Azure / automl-codegen-preview

AutoML code generation
MIT License
11 stars 5 forks source link

Can we get rid of the "problem info" as a parameter / hyper-parameter for the algorithm? #4

Open CESARDELATORRE opened 3 years ago

CESARDELATORRE commented 3 years ago

@wchill, If possible, we should not have this code as part of the algorithm hyper-params:

        problem_info=ProblemInfo(
            gpu_training_param_dict={'processing_unit_type': 'cpu'}
        ),
    algorithm = XGBoostClassifier(
        random_state=0,
        n_jobs=-1,
        problem_info=ProblemInfo(
            gpu_training_param_dict={'processing_unit_type': 'cpu'}
        ),
        booster='gbtree',
        colsample_bytree=0.8,
        eta=0.001,
        gamma=0,
        max_depth=9,
        max_leaves=255,
        n_estimators=10,
        objective='reg:logistic',
        reg_alpha=1.9791666666666667,
        reg_lambda=1.7708333333333335,
        subsample=0.7,
        tree_method='auto'
    )

The compute (CPU vs.

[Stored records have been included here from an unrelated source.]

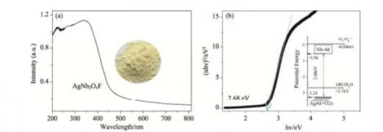 AgNb2O5F光化學(xué)和抗菌性能,和一般報道的氧化物半導體(如 TiO2, ZnO 和 Nb2O5等)相比,AgNb2O5F具有一些獨特的優(yōu)勢。首先,從結構上來(lái)看,在一些含氧的多面體(如 PO4, BO4, NaO6, TiO6等)中,眾所周知,氟的電負性遠大于氧,氟離子的摻雜勢必增強對電子云的吸引力,從而大大增強中心離子和配位離子的鍵強,所以,晶格中 F離子的存在使得晶格的連接強度更加具有剛性,由此提高材料的物理和化學(xué)穩定性。第二,實(shí)驗研究已充分證實(shí),半導體價(jià)帶中(Ag 4d+O 2p)的雜化,可以大大縮小半導體的帶隙,因此,可以有效地利用可見(jiàn)光實(shí)現光催化抗菌消毒。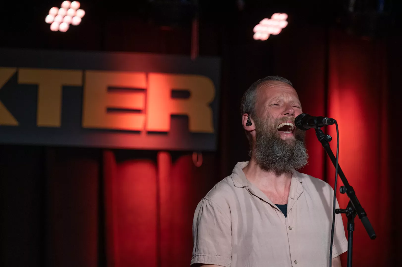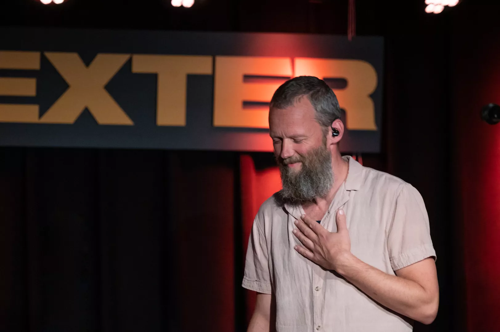 20:05 entreres Spillestedet Dexters scene af den sydfynske hjemstavnsskjald Tom Bjerg i følgeskab af sit fire-personer store band. Huset kan mere eller mindre kalde udsolgt. Demografien til aften er bred, endog overordentlig bred.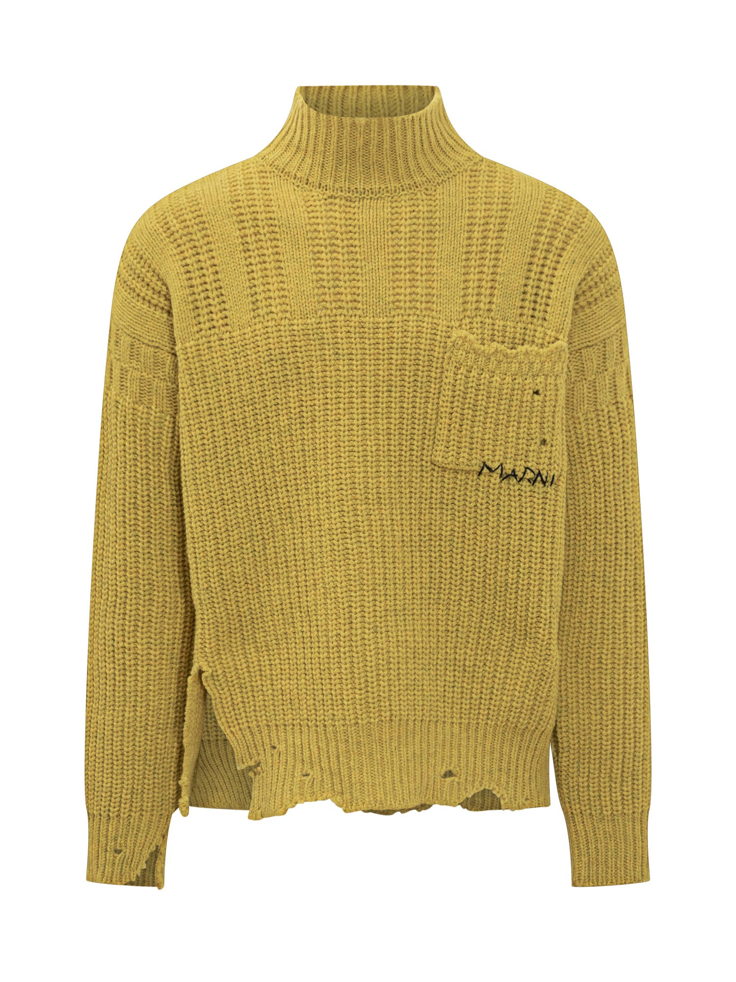 Collo alto. Lavorazione a maglia. Orlo con rotture. Taschino sul petto con logo ricamato.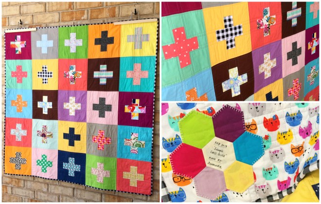 I love this quilt so much. The pops and clashes of colour and print, the fun and whimsical cat print on the back to the classic gingham binding I wrapped the quilt in.

GPU) should be a decision to be taken at the notebook/AML SDK level, not at this level, I believe, unless this parameter is really a hyper-parameter in this case for the XGBoostClassifier algorithm, but I don't think so...

wchill commented 3 years ago

It's not technically a hyper-parameter for XGBoost itself, but it is needed so we can tell XGBoost to use the GPU-optimized tree method.

Removal of the ProblemInfo itself is being tracked internally.